There may be an exception, however: our boat, “Sea Hunt.” I staged almost all my boating adventures from the Deception Pass Marina, home to a Hunt boat continuously for the past thirty years. I met some of my best friends on the marina’s creaky docks.
Soon after picking up Sea Hunt in 2006, my wife, two children—ages eight and twelve at the time—and I struck out on the 180-mile journey to Desolation Sound. Over the years, we took multiple family trips to Hotham Sound, Princess Louisa Inlet, Victoria, and the Gulf Islands, as well as countless local San Juan Island visits.
We made hundreds of dives in the off-season from Sea Hunt, many in Deception Pass. The family would return to the boat when summer arrived for crabbing and socializing with boating friends.
Sea Hunt found the Lost Intruder, an A-6 Attack jet that I had personally flown. It crashed in Rosario Strait in 1989, but the Navy—despite the use of four ships and state-of-the-art search equipment—could never locate the wreckage.
For over a decade, the beat-up 32-foot “motor yacht” (the official Model name) was probably the most used boat in Coronet Bay. Midnight runs with half the marina aboard were common, battling the swift currents in tiny Canoe Pass at night, occasionally going through backwards. We put the 1987 Bayliner through the wringer, adding 2,200 hours to each diesel engine.

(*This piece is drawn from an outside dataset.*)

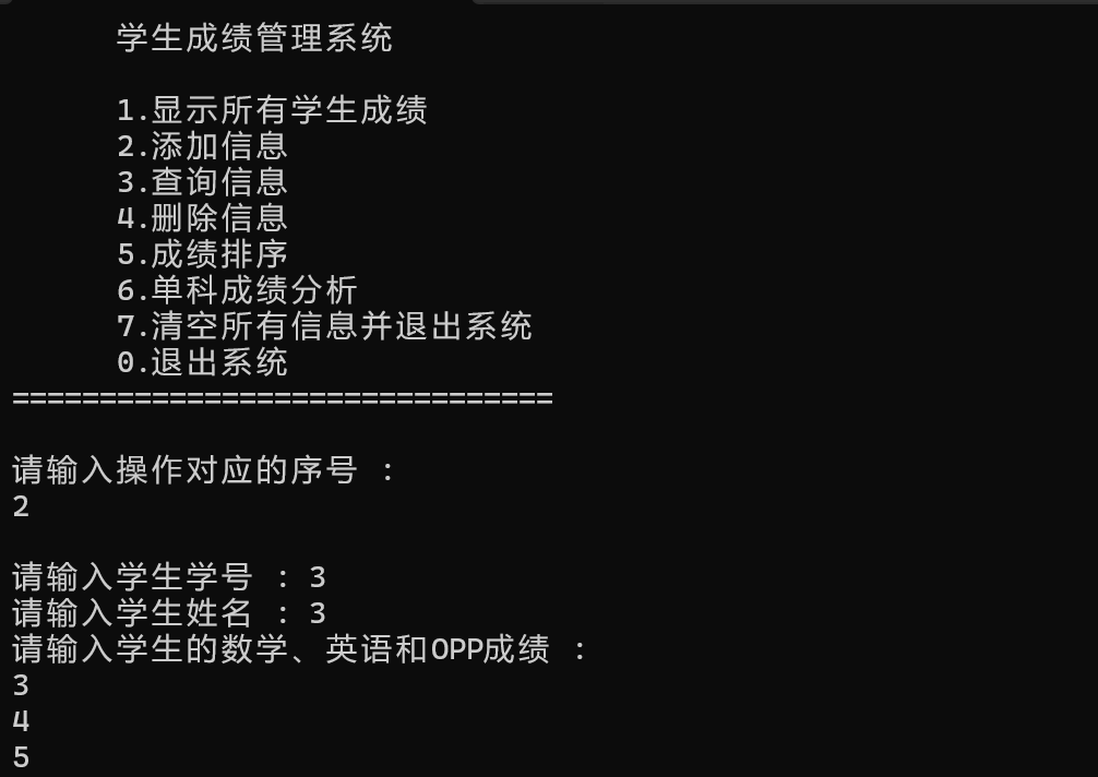 对于改善之后的程序的调试 1.显示学生成绩 2.添加信息 3.查询信息 4.删除信息 5.排序成绩 6.单科分析 7.清空 8.退出

With do-it-yourself maintenance becoming problematic and the boat increasingly less comfortable for me, the time has come. Sea Hunt is the sole “thing” that I will truly miss from my life.

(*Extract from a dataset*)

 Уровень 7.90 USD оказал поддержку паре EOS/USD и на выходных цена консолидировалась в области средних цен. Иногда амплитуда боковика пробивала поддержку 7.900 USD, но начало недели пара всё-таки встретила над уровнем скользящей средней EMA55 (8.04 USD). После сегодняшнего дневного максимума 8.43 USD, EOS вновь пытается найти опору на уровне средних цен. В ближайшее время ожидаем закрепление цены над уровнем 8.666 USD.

This morning, to prepare the boat for sale, I took down my AARP card collection from where the fifty or so cards had accumulated above the helm. Why AARP cards? If you refuse to join, the AARP keeps on sending them. It was my version of giving a not-so-subtle middle finger to aging.
Maybe the AARP got the last laugh, after all, I consider, smiling broadly, shake my head, and marvel, “Ain’t life grand?”